秋が一段と深まる11月。保育園・幼稚園の年長児がいる家庭では、小学校の入学準備が本格化する時期です。子どもの成長を嬉しく思う反面、これまでと大きく環境が変わることに不安を覚える保護者も多いのではないでしょうか。

また、小学校は保育園・幼稚園と比べて、一人の子どもに対して関わる先生の人数が少なくなるもの。子どもの様子を知る機会が減ってしまうことを、心配する声も耳にします。もしも、子どもが小学校生活に馴染めずに困るようなことになったら……。巷では1年生がそのような状態に陥ることを、「小1プロブレム(※1)と呼ぶようです。

※1 第1学年の学級において、入学後の落ち着かない状態がいつまでも解消されず、教師の話を聞かない、指示通りに行動しない、勝手に授業中に教室の中を立ち歩いたり教室から出て行ったりするなど、授業規律が成立しない状態へと拡大し、こうした状態が数か月にわたって継続する状態をいう。

引用:東京都教育委員会「小1問題・中1ギャップの予防・解決のための「教員加配に関わる効果検証」に関する調査の結果について」(「第1学年児童の不適応状況」の定義

「小1プロブレム」と一言に言っても、具体的にどんなケースがあるのか。また、学校・家庭ではどう対応したらよいのでしょうか。

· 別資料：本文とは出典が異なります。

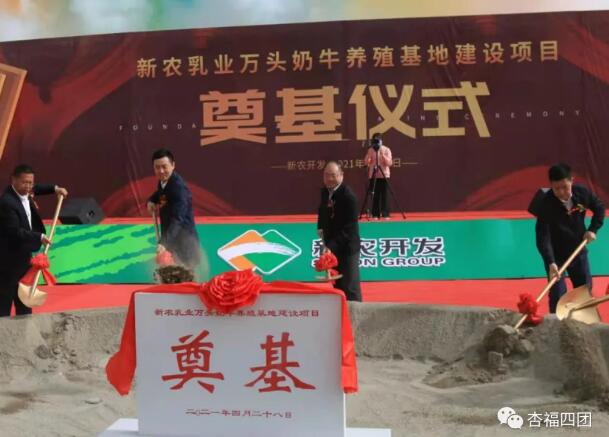 4月28日,四團(tuán)舉行新農(nóng)乳業(yè)萬頭奶牛養(yǎng)殖基地建設(shè)項目奠基儀式,標(biāo)志著4.7億兵團(tuán)南疆地區(qū)優(yōu)質(zhì)高產(chǎn)荷斯坦奶牛標(biāo)準(zhǔn)化養(yǎng)殖示范基地在四團(tuán)開工建設(shè)。
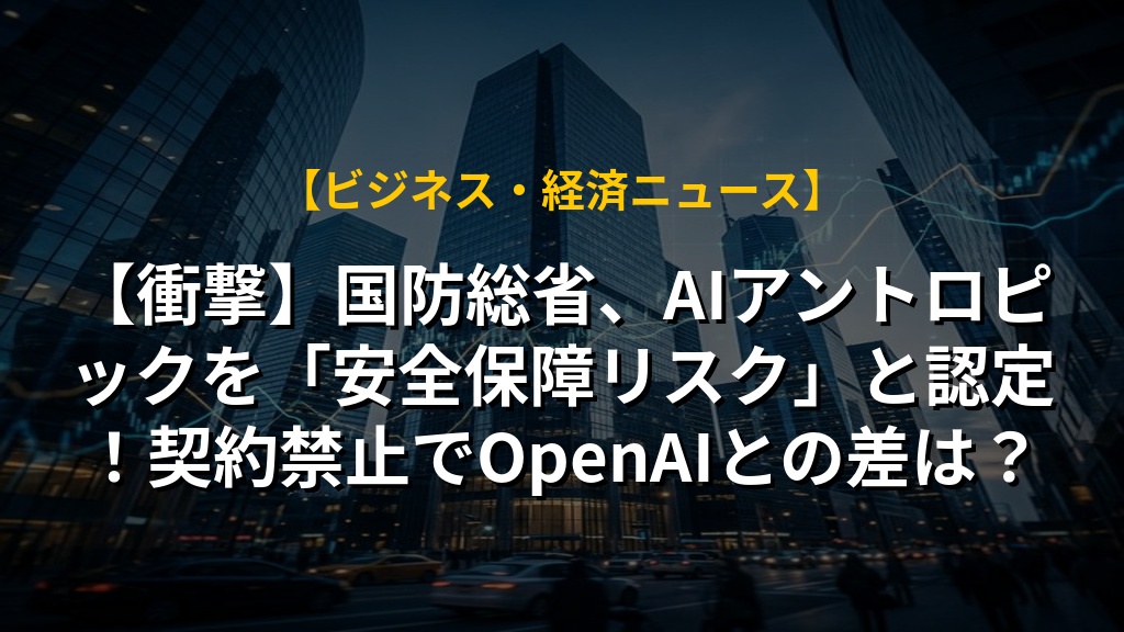 【衝撃】国防総省、AIアントロピックを「安全保障リスク」と認定!契約禁止でOpenAIとの差は?
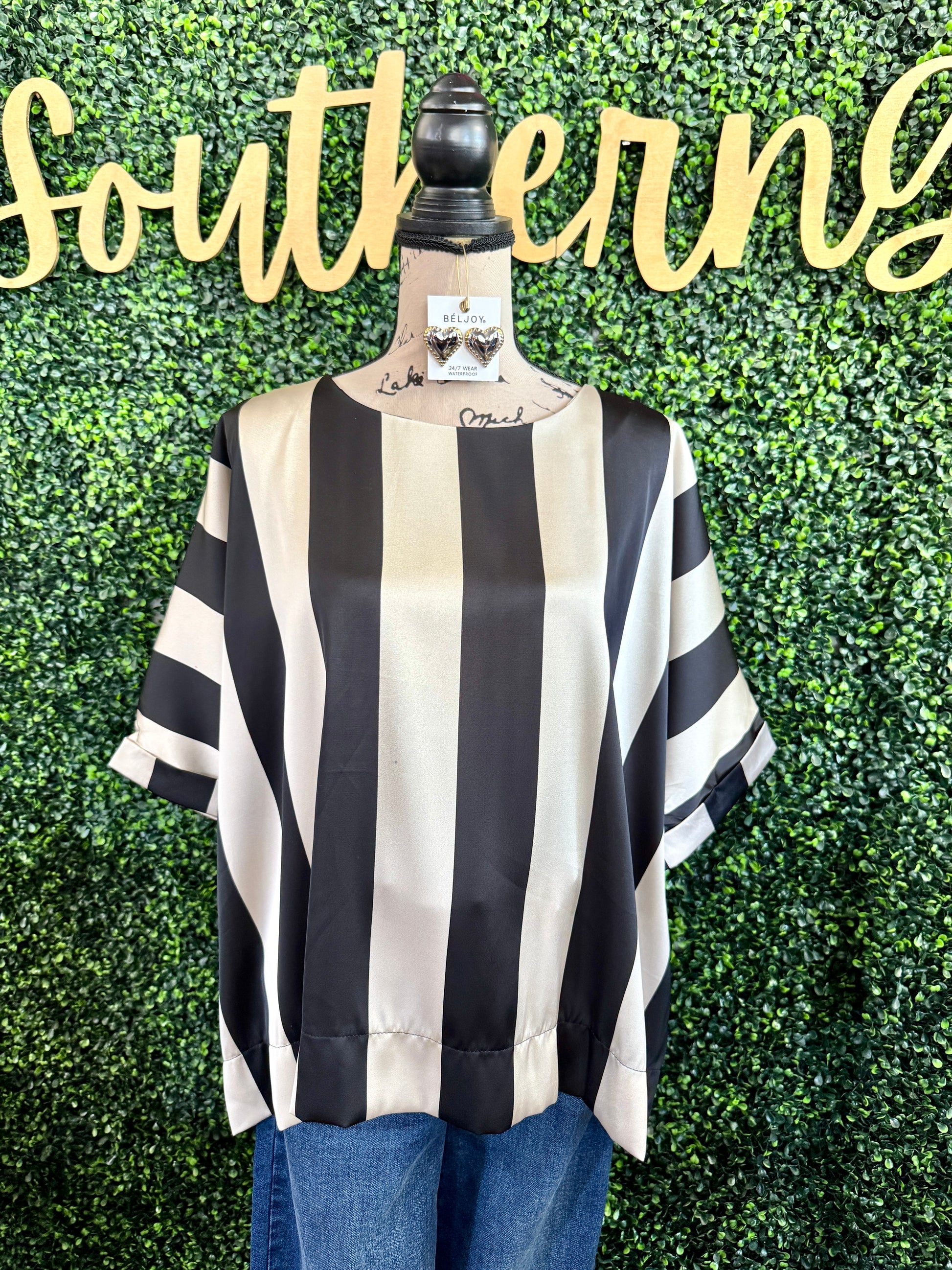 The Aidlynn Black Top features an oversized fit with a classic round neck and chic stripe detail, combining comfort with effortless style. Perfect for layering or wearing on its own, this versatile piece adds a modern edge to any outfit while keeping you relaxed throughout the day. Elevate your wardrobe with this statement top designed for easy, confident wear.

今回は公立小学校の児童支援専任教諭(※2)として、学校生活に不安を抱える子どもたちと日々向き合っているS先生に、「小1プロブレム」への対応法を伺いました。

※2 児童支援専任教諭とは、横浜市が2014年に全ての市立小学校(341校)に配置した専門職員。クラスの担任は持たず、いじめや不登校・言葉の壁によるトラブルなど、学校生活において子どもたちが抱える不安の解消をサポートしている。


【S先生のプロフィール】
横浜市の某公立小学校にて勤務。教員歴13年。全学年を担任したことがあり、過去2回1年生の担任を務める。3年前から児童支援専任教諭に従事。普段は校内巡回や教育相談を中心に、児童と家庭の双方のサポートを行なっている。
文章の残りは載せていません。